The assessment was “an affirmation of President Biden’s full partnership in the brutal genocide against our people in the Gaza Strip,” Hamas said.

The group again accused Washington of providing political and military cover to Israel and shielding it from accountability.

Biden, whose term ends soon, has offered strong support to Israel since Hamas-led gunmen attacked Israel in October 2023, killing 1,200 people and taking more than 250 hostages.

More than 43,500 Palestinians have been killed in Gaza since then.
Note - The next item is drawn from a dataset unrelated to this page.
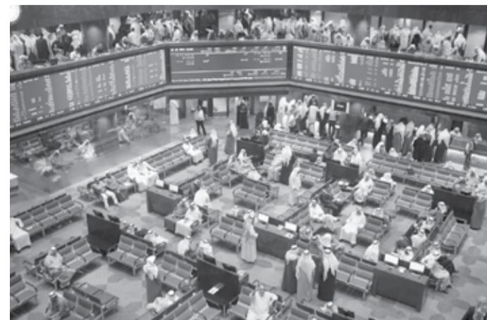
Traders on the floor of Saudi Stock market

Saudi Arabia's stock market closed lower yesterday, along with other Gulf markets, having ended the previous week at its highest in nearly four years after inclusion in the FTSE Russell's emerging-market index.

Gaza has been reduced to a wasteland of destroyed buildings and piles of rubble, where more than 2 million Gazans are seeking shelter as best they can.

State Department spokesman Matthew Miller said in a Nov. 4 briefing that despite Israel’s steps to increase access to aid, the results on the ground in Gaza were not good enough.

Blinken, in a meeting with Israeli Strategic Affairs Minister Ron Dermer on Monday, also stressed the need for Israel’s measures to lead to improvements on the ground.

Patel declined to say why Washington chose to base its assessment on Israel’s measures to address the problems, rather than results on the ground, which US officials have repeatedly said would be their measuring stick.

ISRAEL’S STEPS

On Tuesday, Patel said Israel had taken some steps, including reopening the Erez crossing, waiving some customs requirements and opening additional delivery routes into Gaza.

COGAT, the Israeli military agency that handles Palestinian civilian affairs, on Sunday published a list of Israeli humanitarian efforts over the past six months, “highlighting recent initiatives and detailing plans to sustain support for Gaza as winter approaches.”

Israel’s ambassador to the UN, Danny Danon, welcomed the State Department’s statement. “We are working very closely with our allies in Washington,” he told reporters. “I did a lot. We worked very hard to support the humanitarian needs in Gaza.”

“It’s a challenge… because on the other side you have Hamas. So even if we allow the trucks to pass the checkpoints, Hamas will hijack the trucks and sometimes even when we do 100%, we can’t guarantee the results” , he added. .

The US deadline expired just days after global food security experts said there was a “strong likelihood that famine is imminent” in parts of northern Gaza as Israel pursues a military offensive against Hamas militants in the area.

For more than a month, Israeli forces have pushed deeper into northern Gaza, surrounding hospitals and shelters and displacing new waves of people in an operation they say is designed to prevent Hamas fighters from regrouping.